Tia Abigail: "is that a real sneeze?"
"nope, now you sneeze!"
"achoo."
"gezundtight! Now I sneeze."
"bless you."
"bleh shoo."
Posted by crymytinyflood at 11:00 AM
8 de Agosto 2005
Katherine Isabel 080804
today is the first birthday for my niece, katherine isabel, she was at her grandma mary's house and fell down and hit her head so damn hard she has a huge blue bump on her forehead. she is so tiny she is a few months shy of the clothes she should wear. but she plays a mean peekaboo.
my gramps died last night.
i had to get on a plane and for the first time i really listened to each of the sounds the plane makes during take off. they were so loud and beautiful and painful, i think that is what sound it would make if you could hear your own heart let go of a thing that really hurts.
before we landed the flight attendant told us to be kind to each other. and the plane touched down with such force and sweep i thought of swans: how mean they are and how i want to touch them when i see them. and of rose petals and how they feel in your hand when you grab the bud and pull. and, i thought, maybe i'll get this chance to do the right thing.
Posted by crymytinyflood at 11:08 AM
2 de Agosto 2005
on apologies
I have been thinking a lot about apologies. I collect them the same way I collected sea shells as a little girl. I have many. One that coils around itself and comes to a point at the end. One flat round one that rattles whenever I shake it. Another one is just a broken off piece but its very colorful.

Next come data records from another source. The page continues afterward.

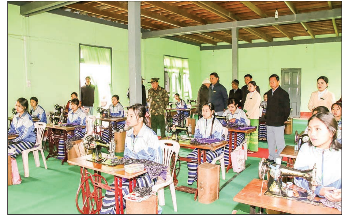
Union Minister Lt-Gen Ye Aung visits the women's vocational training school in Putao, Kachin State, on 12 January.

He then inspected the completed part of the 22-mile earth road connecting Putao and the snow-capped Phonkanrazi mountain. Yesterday morning, the Union Minister looked into the requirements for paving the Putao-Namhtonkhu gravel road and village-to-village earth roads in Putao Township. The Ministry of Border Affairs in its projects to develop infrastructure and human resources in border areas is also adopting and implementing sustainable development programs in Kachin State. — MNA (Translatey by TMT)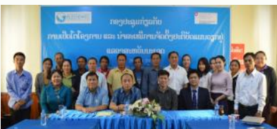
RLED-EWEC Lao Team and project partners plan next steps forward during the inception workshop.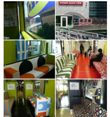
IKEA artfully designed Japanese Monorail Train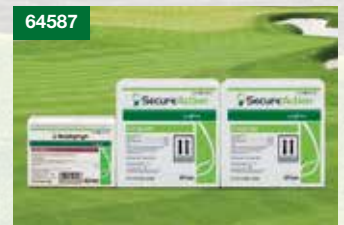
64587 Fairway Action Protector Solution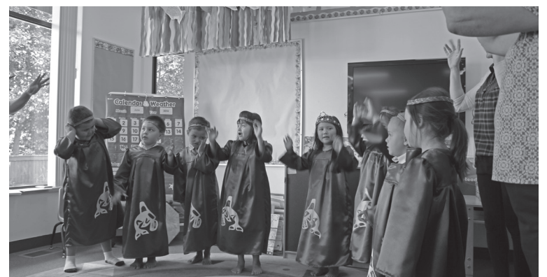
Preschool graduation 2014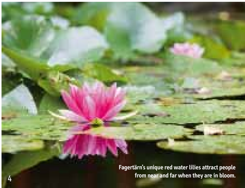
Fagertärn's unique red water lilies attract people from near and far when they are in bloom.

But Tiveden offers much more than that. Several protected conservation areas, spread out over the whole of this forest region (see visitors' map), contribute to the rich experience of nature.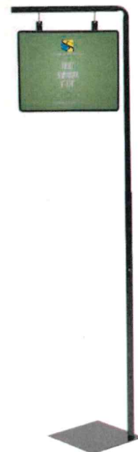
PALLET SIGN HOLDER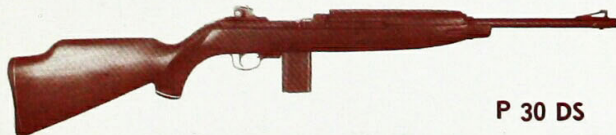
P 30 DS

Identical to PM 30 S with a high gloss, epoxy finish which highlights the fine American walnut stock.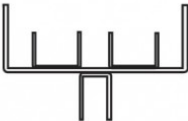
Rail for Multiple Backs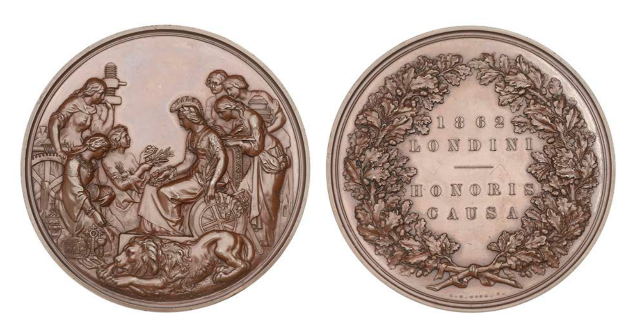
398 International Exhibition, South Kensington, 1862, Prize Medal, a copper award by L.C. Wyon [after D. Maclise], similar, edge named (Christy & Co., Class XX), 77mm (Allen SK-A001; BHM 2747; E 1553). Lightly cleaned, otherwise extremely fine; in contemporary fitted case

W.A. Rose, City of London; awarded for Oils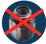
Special Connector NOT Needed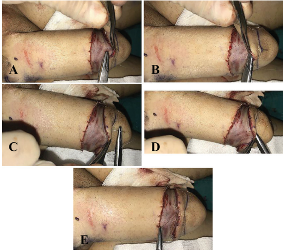
Fig. 2: A: First needle passage. B: Full thickness suture. C: Making horizontal mattress suture. D: Second needle movement. E: Knotting.

an 11- cm long incision was made about 3 cm dorsally away from the tip, and was deepened to the subcutaneous tissue (1). Distal undermining from the incision site was carried out for about 1 cm on the dorsal aspect reducing to 0.5 cm on the ventral aspect (Figure 3B). The circumferential skin flap created from undermining was folded over itself and was fixed with mattress sutures (Figure 3C).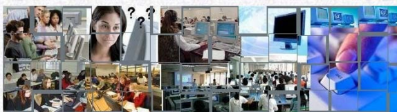
PROGRAMUL DE FORMARE A PROFESORILOR INGINERI DPPD - UPB & Colegiul "Gh. Airinei"

Module 1: Setting, organization and valuation of the didactic activities - 30 credit points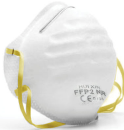
Face Masks, FFP2 Rated KN95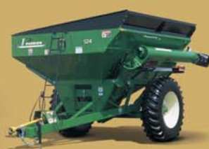
Model 524 500 bu. capacity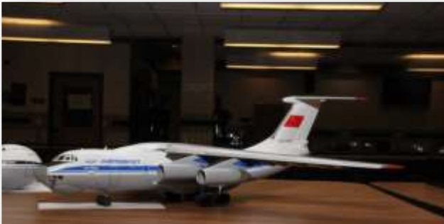
Aircraft 1/72, 1 st Place IL-76MD by Sergei Gural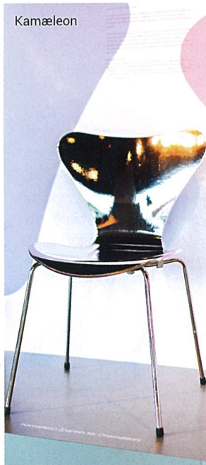
The chairs will be exhibited at the Singapore Indesign Intimate event at the National Design Centre from 9 to 10 July 2015.

"We wanted to create a space that is contemplative, yet fun. Design doesn't always need to be too serious."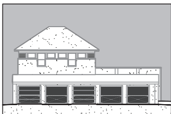
● ANTIETAM STREET (SOUTH) ELEVATION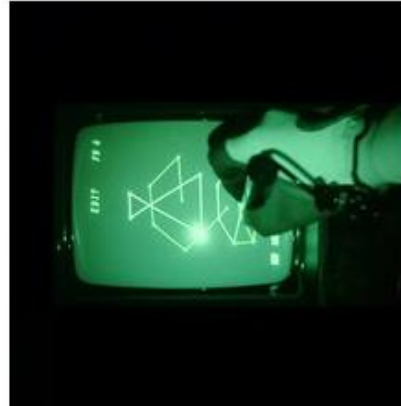
Feng Mengbo Vector Drum , 2013

Now if you go to eBay or somewhere it's very difficult to find. This console was only available for two years so only about 10 games were made. The vector graphics are very special, very different from bitmap.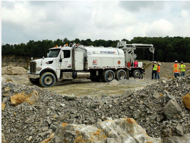
ΔE2 integrates into any Differential Energy bulk emulsion truck and improves operator efficiency by simplifying the loading process.

The history of the system dates back to the 1990s “when our bulk loading technology advanced enough to allow ways to load different product types in the same borehole,” Lamont said.

I think about them over and over like a security blanket
and just like when I receive them, I feel like they are never loud enough or strong enough to really solve anything when I make them.
Posted by crymytinyflood at 12:03 PM
28 de Julio 2005
adult education

the sticker says let's stop arnold for our families
arnold just keeps pissing me off.
Laurel and Levy bravely in Africa.
Jasmine plant dies.
IRA to disarm.
Vicente Fox: what are you thinking?
These are the day's headlines.
Confession: I don't even read the paper when my husband the photojournalist
writes the articles... Sometimes he asks me to... but regularly, no.
but I did write an editorial once-its a little long.
Continue reading "adult education"
Posted by crymytinyflood at 10:06 PM
27 de Julio 2005
forgive me
if i don't respond to all comments. I think it minimizes the embarassment factor if you don't have to worry about chit chat all the time.